So what does this mean? Well first off, Josh has had no symptoms of this new growth. He hasn't had a seizure in almost two years (knock on wood) and in the past two months has only had one or two headaches. Nothing crazy. No tall tail signs, so these results were a huge slap in the face. Dr. T offered us three options.
- Do temozolomide. This was the chemotherapy he did for a year last year. It worked really well but Dr. T would want to up his dose.
- Do another form of chemotherapy (I don't remember the name and googling it brings me to all types of prescription names). This one would be in a high dose, probably terrible side effects and it also comes with a very strict diet. Super strict. Like annoyingly strict.
- Drug trial at John Hopkins. Suprise! My husband has a very rare brain cancer. Like rare of the rare, so he never qualifies for a drug trial and actually this trial isn't for the particular cancer it's more for the mutation in said cancer. We don't know if he fully qualified or even what stage the drug trial is in but Dr. T seems hopeful.

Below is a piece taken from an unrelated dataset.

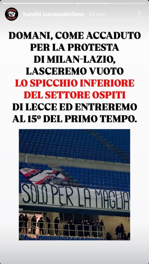 米蘭南看臺(tái)球迷組織在社交平臺(tái)上宣布:“明天,就像米蘭-拉齊奧時(shí)發(fā)生的抗議一樣,我們將會(huì)在萊切球場(chǎng)客隊(duì)坐區(qū)制造一片空?qǐng)?,我們將?huì)從上半場(chǎng)第15分鐘再進(jìn)場(chǎng)。”
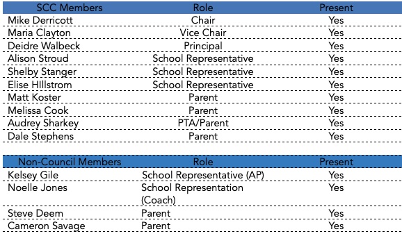 Maria likes the idea of students knowing teacher goals.  Dale inquired about goal alignment with SCC and teachers and wanted to know what SCC can do to be more helpful in the classroom.

I am a firm believer that there is a reason for everything. Right now, I haven't figured out what that reason is. I have no idea why life keeps serving us shit sandwiches and it's something I may never know. But what I do know is that I am thankful we caught it quick (we were actually going to blow off this MRI and just get it done once we were down in Florida) and I am thankful that there are options. Right now, Josh and I are still processing everything. Regardless of what treatment we choose, we will be staying up here way longer than what we intended. Does it suck ? Terribly. But we, like always, try to make the best of the situation. That's all we can do.
However, we do ask all of you to continue to pray for Josh and our family. My husband is a fighter and he's stubborn as hell so I know he won't go down without a fight. This a speed bump in the road and just like last time, I know he will kick ass.